Toutes trois de la programmation des 30es FrancoFolies de Montréal, Mara Tremblay, Fanny Bloom et Andréanne A. Malette ont été invitées à se prononcer sur les propos de Louis-Jean Cormier dans La Presse, contre la parité hommes-femmes dans les grands festivals, qu'il a par la suite dit regretter. Fanny Bloom n'est pas nécessairement en désaccord avec l'idée de ne pas donner priorité au sexe dans le choix des artistes, mais croit que la parité est un geste encore nécessaire. Andréanne A. Malette souhaite être engagée pour son talent, et non pas parce qu'il faut respecter un quota. À Louis-Jean Cormier, qui a dit craindre que les festivals deviennent «gris» avec la parité, Mara Tremblay répond qu'elle considère que «la musique de femmes est encore plus colorée que la musique d'hommes» et qu'«il y a autant de femmes que d'hommes qui font de la bonne musique».

Sophie Lorain considère que son personnage de féministe, qu'elle jouera dans la deuxième saison de Plan B, est un rôle de composition. «Je vais être bête, mais la parité, j'en ai rien à cirer. J'ai pas besoin d'une parité, parce que je trouve ça condescendant. J'ai pas besoin de votre pitié», a-t-elle lancé. Son film Charlotte a du fun, qui traite de la sexualité des adolescentes, aurait dû s'intituler «Salope dans le bon sens du terme», mais les distributeurs ne voulaient pas de ce titre. On sent que leur décision lui est restée dans la gorge, quand elle prononce le nouveau titre avec un certain dégoût. Les vedettes québécoises n'ayant pas les mêmes rapports avec leurs agents, elle devra en tenir compte dans l'adaptation de la série Dix pour cent, qu'elle produira pour TVA. Autre très bonne carte du fou du roi: «Si ton objectif de carrière était de ne pas être la fille de l'autre, c'est réussi. Plus personne ne se rappelle que ta mère, c'est Dodo.»

Le discours du nutritionniste Bernard Lavallée jure avec celui de bien de ses collègues, et m'a fait un peu penser à la philosophie du Pharmachien, Olivier Bernard, qui déboulonne certains mythes reliés à la santé et à l'alimentation. L'auteur du livre N’avalez pas tout ce qu’on vous dit ne croit pas aux superaliments et s'attaque à ce qu'il appelle la «bullshit nutritionnelle». «L'important, c'est de manger diversifié», affirme celui qui en a même contre le tableau des valeurs nutritives, présent seulement sur les aliments qui ont un emballage, et qui a une marge d'erreur de 20%. Selon lui, il n'y a pas un meilleur fruit qu'un autre, et il n'est pas plus bénéfique de manger du kale qu'un autre légume. Il conseille notamment de privilégier les produits ayant tout au plus cinq ingrédients, et d'éviter les produits ayant des personnages sur leur emballage, destinés aux enfants et donc très sucrés. Toujours selon M. Lavallée, manger après le souper ne fait pas grossir durant le sommeil. Pour ou contre les boîtes repas, si à la mode? Elles donnent envie de cuisiner, mais coûtent très cher, et produisent énormément de déchets.
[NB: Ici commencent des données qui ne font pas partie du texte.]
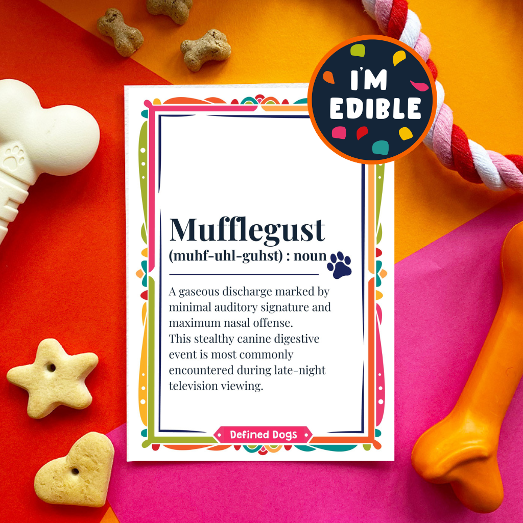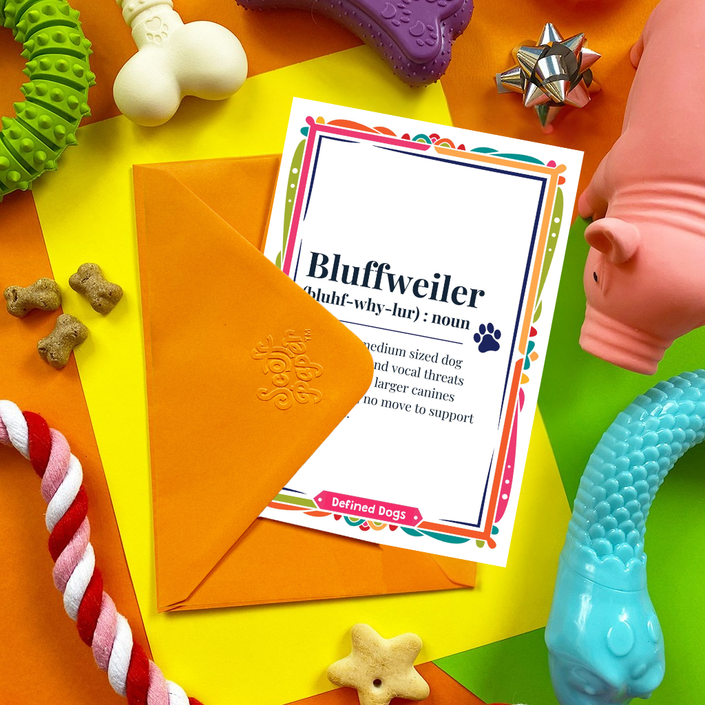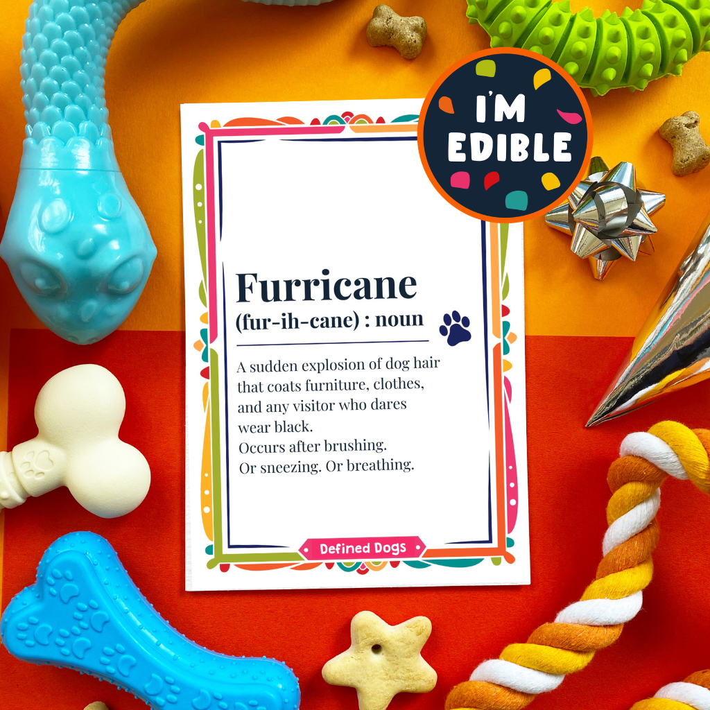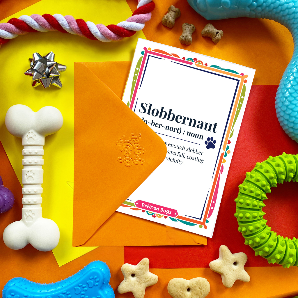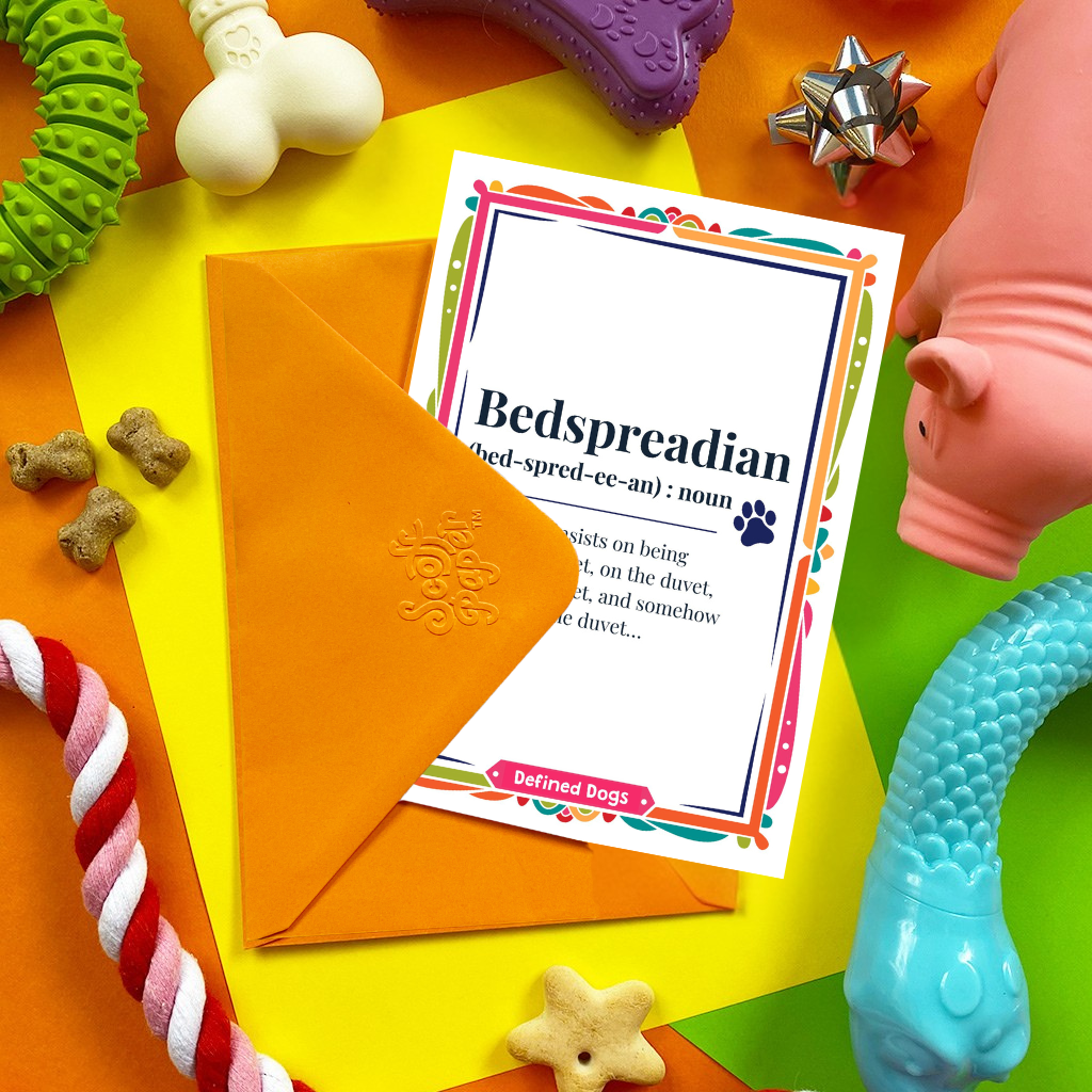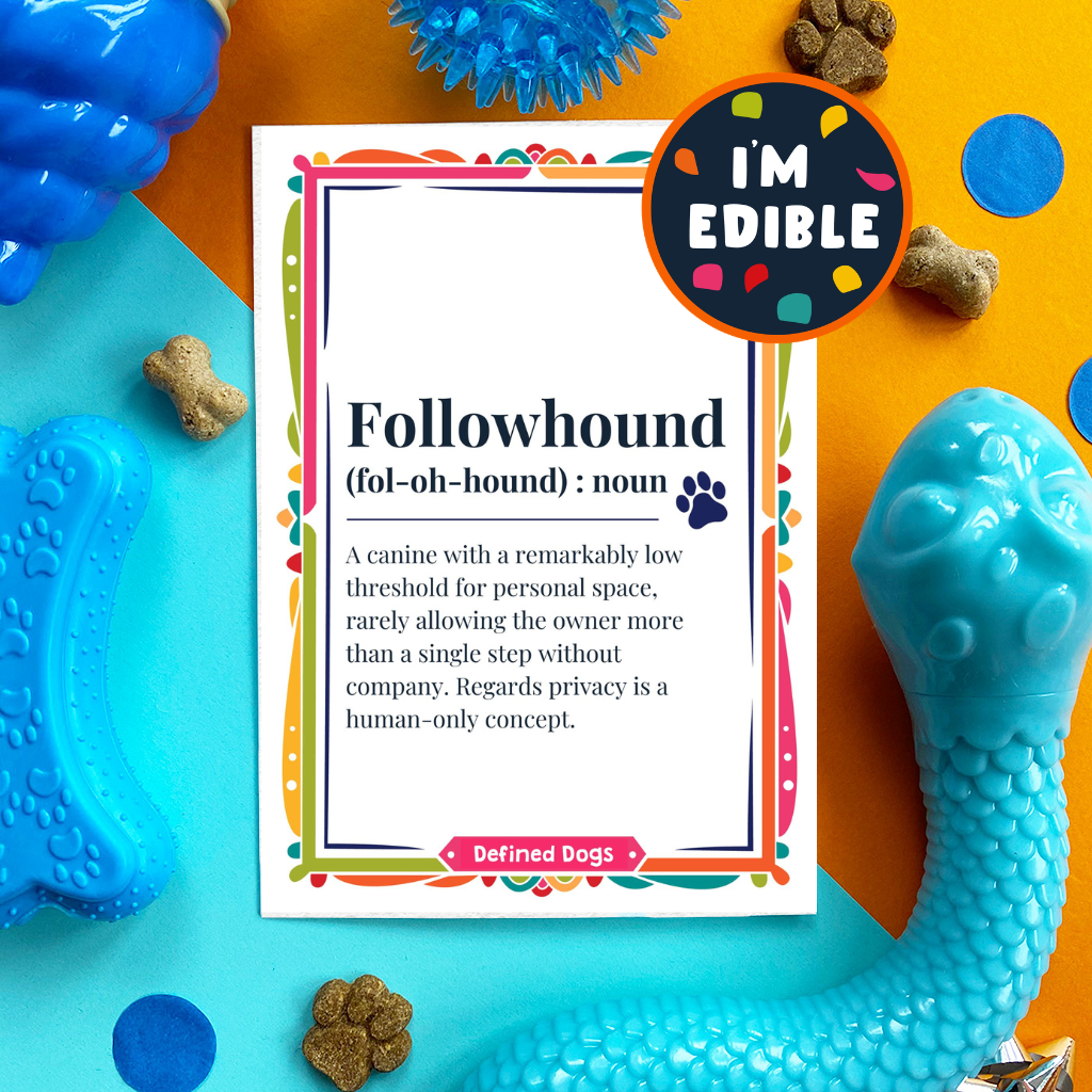 The Defined Dogs collection celebrates the wonderfully chaotic personalities that make living with dogs so entertaining. Each edible dog card features a humorous dictionary-style definition describing a type of dog we all recognise — from cuddle addicts to professional snack thieves.

Chercheur au CÉRIUM de l'Université de Montréal et auteur de l'essai intitulé Un selfie avec Justin Trudeau, Jocelyn Coulon fait un portrait peu flatteur du premier ministre et de sa place dans l'échiquier mondial. Il affirme que M. Trudeau n'a pas rencontré une seule fois Stéphane Dion en tête à tête quand il était ministre des Affaires étrangères. L'animosité serait née entre les deux hommes quand Dion a refusé la candidature de Trudeau pour l'élection partielle de 2007 dans Outremont, pour y présenter plutôt M. Coulon, qui deviendra plus tard son conseiller. Stéphane Dion a été congédié en cinq minutes après 14 mois dans ce ministère.

Jocelyn Coulon ignore si la visite en Inde de Trudeau, si décriée, nuira à sa réélection. Il souligne néanmoins son manque de finesse et de connaissances de la population indienne, notamment en affirmant à ses hôtes: «"Il y a plus de ministres sikhs dans mon conseil de ministres que dans le vôtre." C'est assez insultant», relève M. Coulon.

«Est-ce que tu vas téléporter Dany à La voix?» a demandé Guy A. Lepage à Luc Langevin, qui a médusé toute l'assistance avec un numéro de pièce de monnaie retrouvée dans une noix, elle-même retrouvée dans un citron. Dans son nouveau spectacle, intitulée Maintenant demain, le célèbre illusionniste téléporte un spectateur, rien de moins. Même son metteur en scène René Richard Cyr ne connaît pas tous ses trucs.